▶ _To do_
Apart from the images, output the data below exactly.
----- Collected material -----
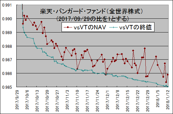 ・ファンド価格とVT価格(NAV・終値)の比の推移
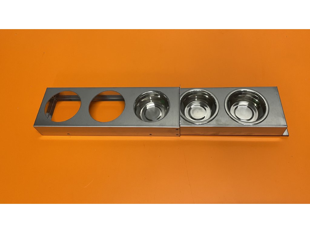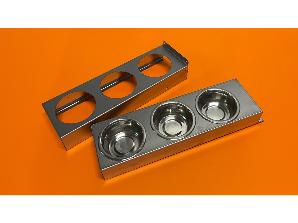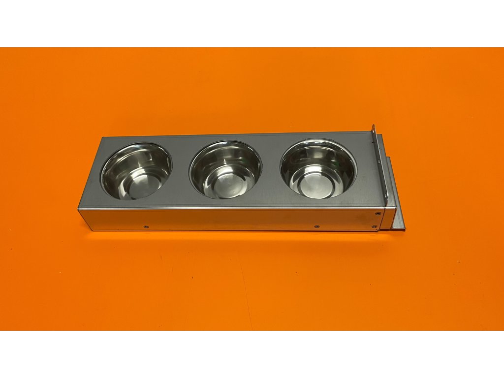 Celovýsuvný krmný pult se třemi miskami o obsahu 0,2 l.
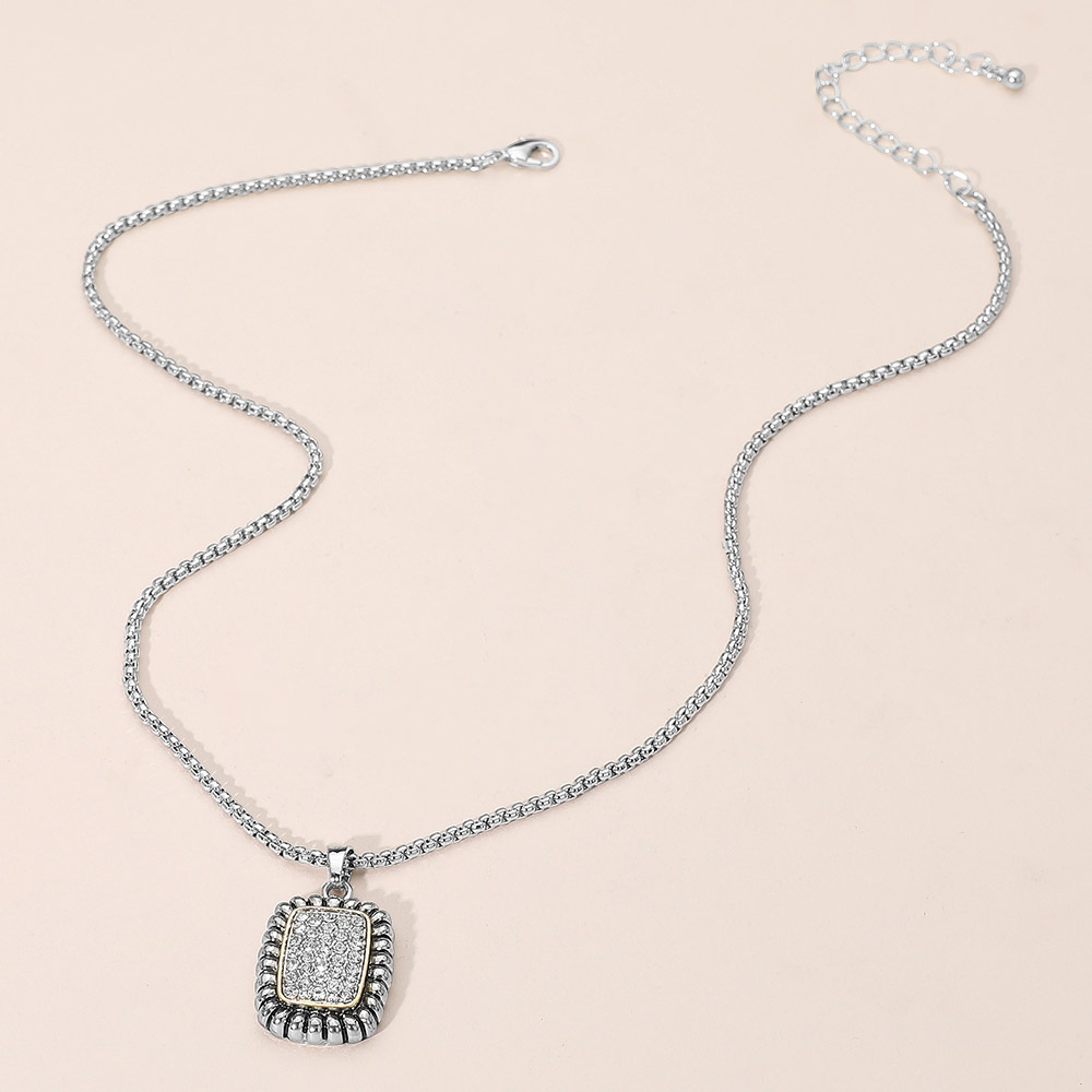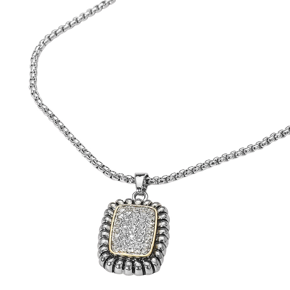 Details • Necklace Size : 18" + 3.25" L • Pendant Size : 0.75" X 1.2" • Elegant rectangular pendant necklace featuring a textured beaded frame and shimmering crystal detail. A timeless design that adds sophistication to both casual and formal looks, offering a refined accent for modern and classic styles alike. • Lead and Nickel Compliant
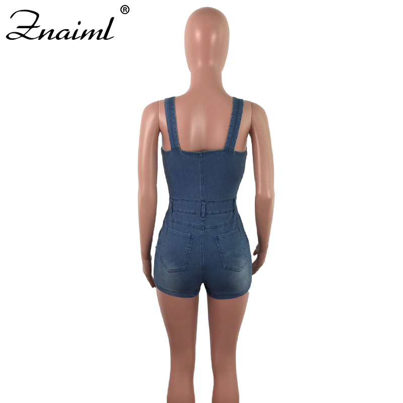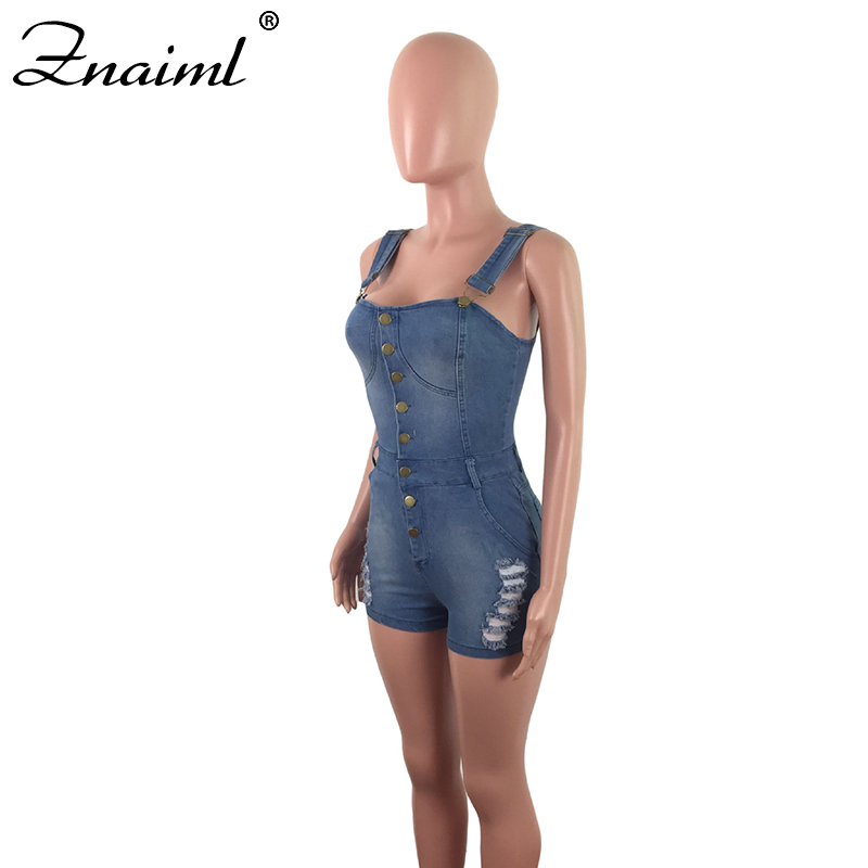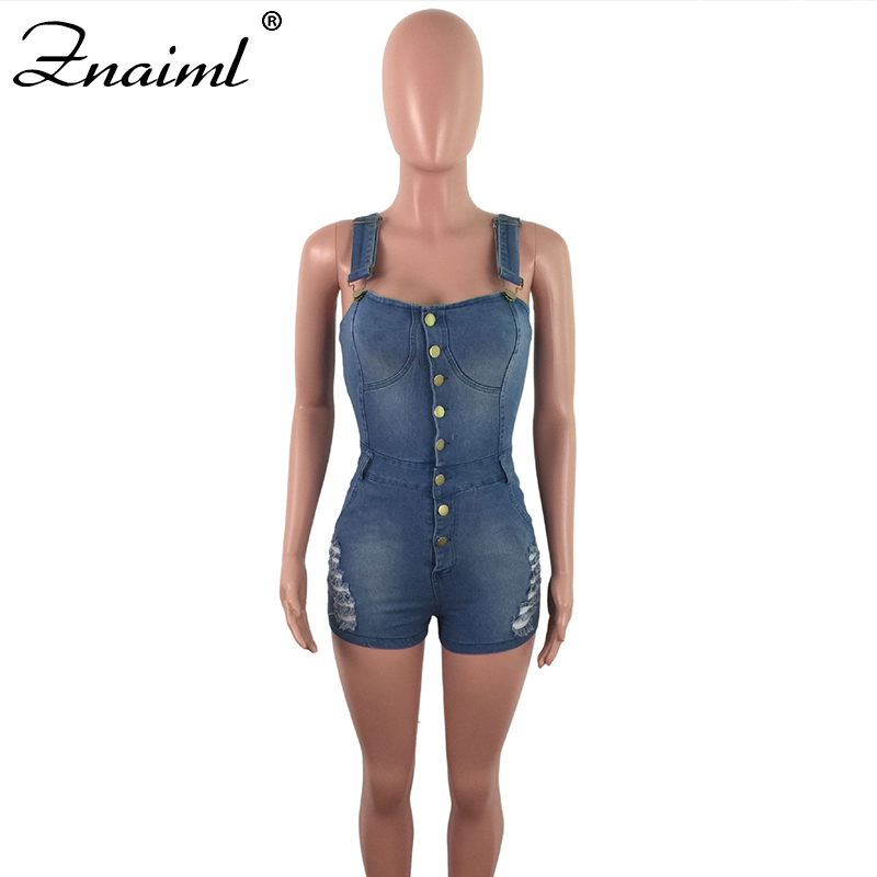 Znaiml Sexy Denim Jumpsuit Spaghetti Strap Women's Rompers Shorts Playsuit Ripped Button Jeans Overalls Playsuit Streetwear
-----
▶ _Response box_
 ・ファンド価格とVT価格(NAV・終値)の比の推移
 Celovýsuvný krmný pult se třemi miskami o obsahu 0,2 l.
 Details • Necklace Size : 18" + 3.25" L • Pendant Size : 0.75" X 1.2" • Elegant rectangular pendant necklace featuring a textured beaded frame and shimmering crystal detail. A timeless design that adds sophistication to both casual and formal looks, offering a refined accent for modern and classic styles alike. • Lead and Nickel Compliant
 Znaiml Sexy Denim Jumpsuit Spaghetti Strap Women's Rompers Shorts Playsuit Ripped Button Jeans Overalls Playsuit Streetwear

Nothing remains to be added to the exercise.